Exercise objective:
Give the listing again, word for word, and let no picture into it.

Data shown:
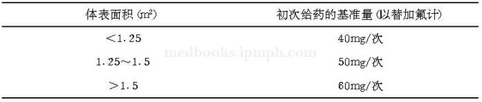 注:以上剂量以替加氟计,增减剂量时应在每个周期按照上表顺次增减。
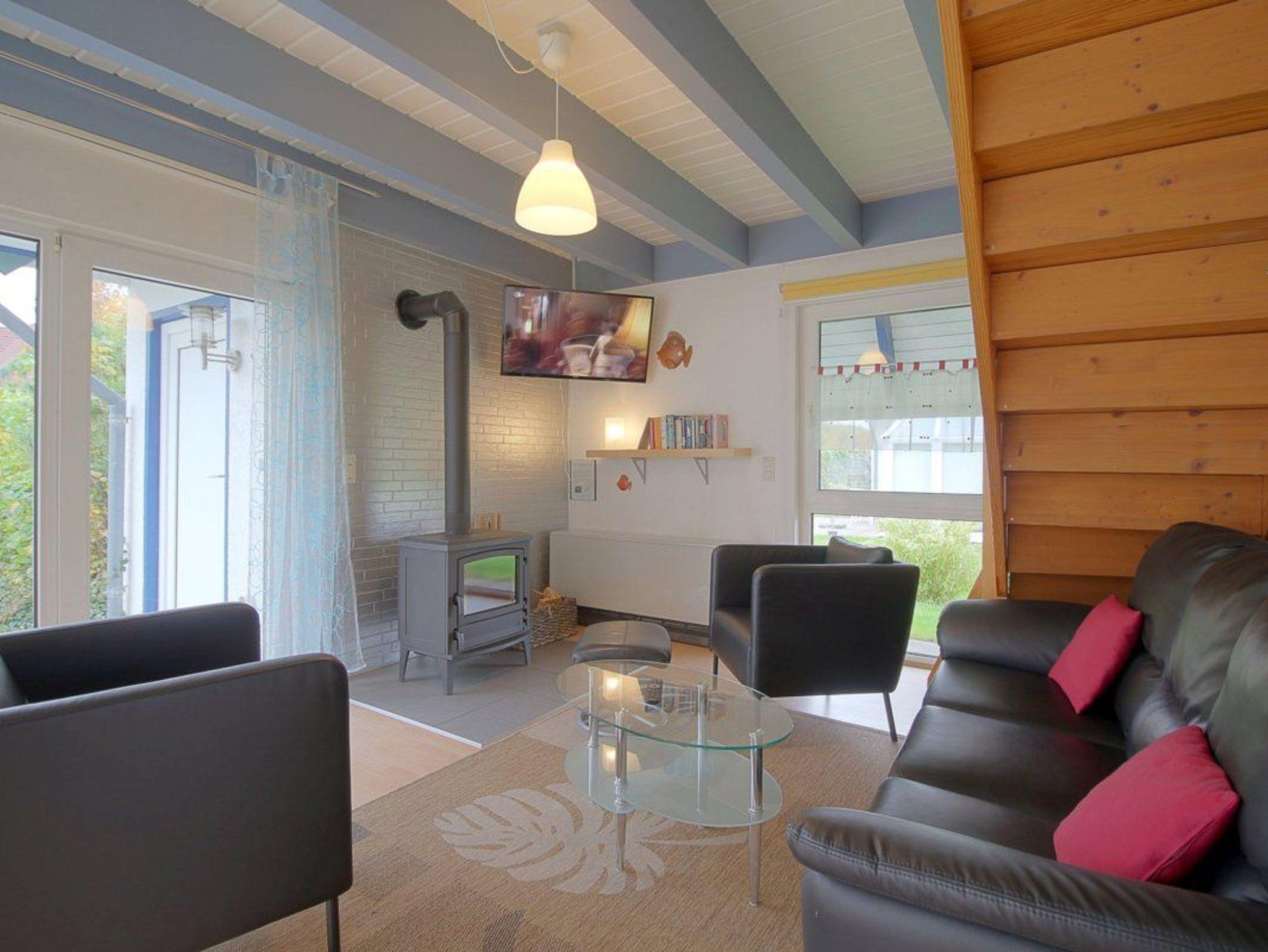 Im Erdgeschoss befinden sich der Flur mit Garderobe, das Duschbad/WC ein geräumiges Wohn-/Esszimmer mit offener Küche. Im Obergeschoss befinden sich 2 Schlafzimmer.Die Küche ist komplett ausgestattet für 5 Personen mit Geschirr und Bestecken, Herd mit Cerankochfeld, Backofen, Geschirrspüler, Mikrowelle, Wasserkocher, Kaffemaschine, Handrührer, Toaster usw.
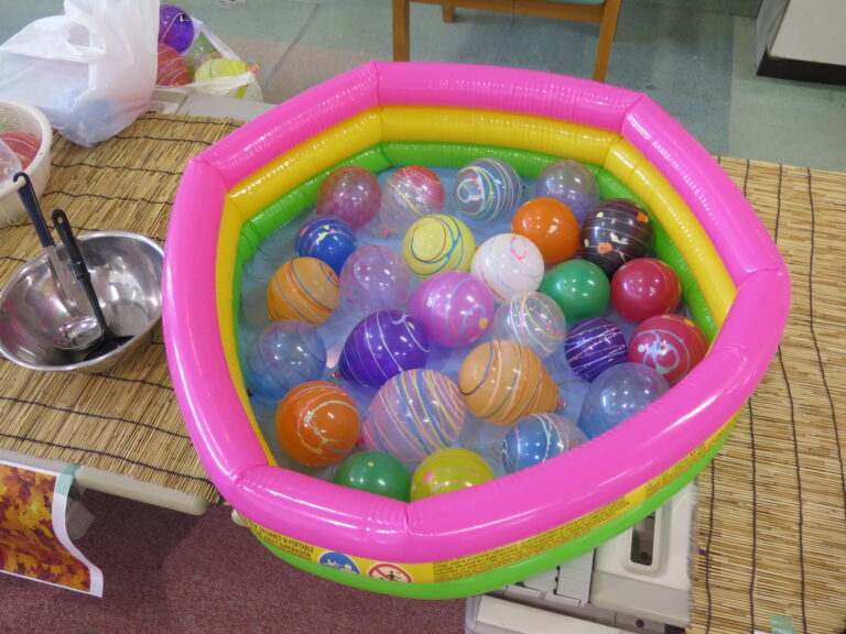 当施設のヨーヨーは“釣る”のではなく料理用の[おたま]を使って“すくう”タイプとなっております。
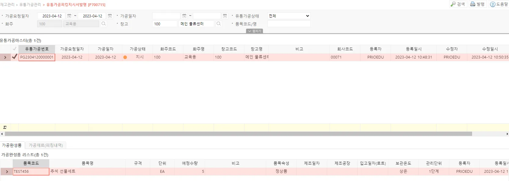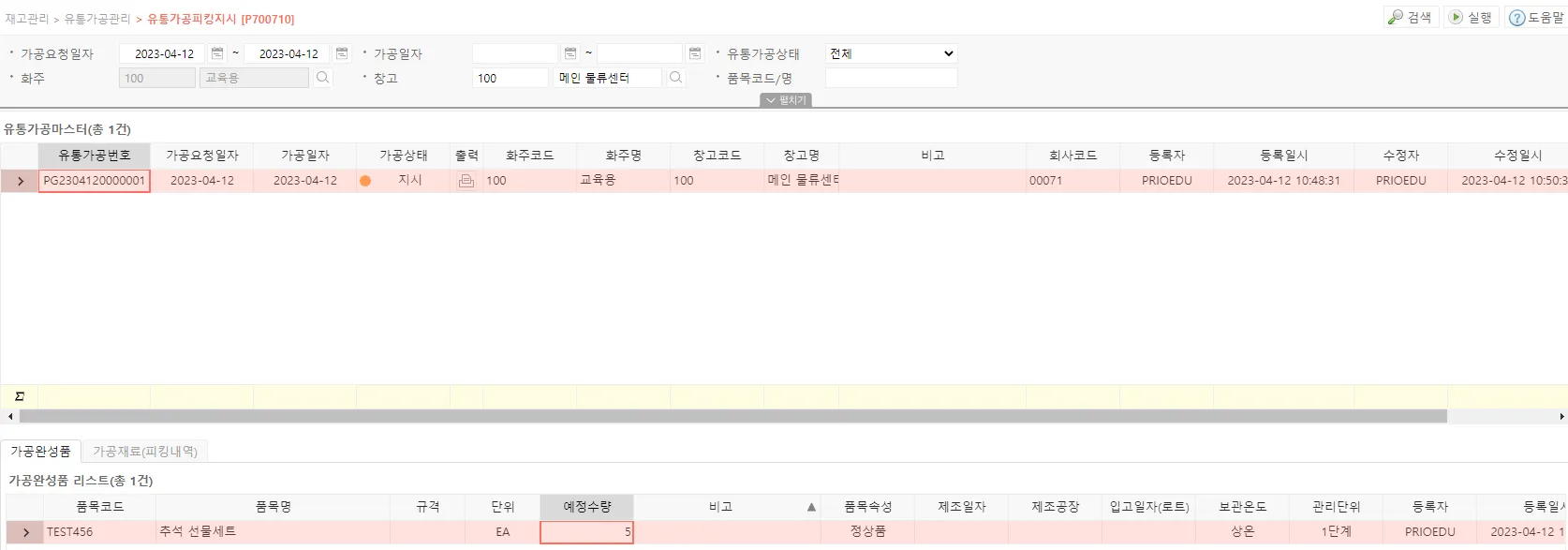 조회 버튼을 눌러 유통 가공등록이 완료된 내역을 확인 후 실행 버튼을 누르면 피킹 지시가 진행됩니다.

Expected answer:
 注:以上剂量以替加氟计,增减剂量时应在每个周期按照上表顺次增减。
 Im Erdgeschoss befinden sich der Flur mit Garderobe, das Duschbad/WC ein geräumiges Wohn-/Esszimmer mit offener Küche. Im Obergeschoss befinden sich 2 Schlafzimmer.Die Küche ist komplett ausgestattet für 5 Personen mit Geschirr und Bestecken, Herd mit Cerankochfeld, Backofen, Geschirrspüler, Mikrowelle, Wasserkocher, Kaffemaschine, Handrührer, Toaster usw.
 当施設のヨーヨーは“釣る”のではなく料理用の[おたま]を使って“すくう”タイプとなっております。
 조회 버튼을 눌러 유통 가공등록이 완료된 내역을 확인 후 실행 버튼을 누르면 피킹 지시가 진행됩니다.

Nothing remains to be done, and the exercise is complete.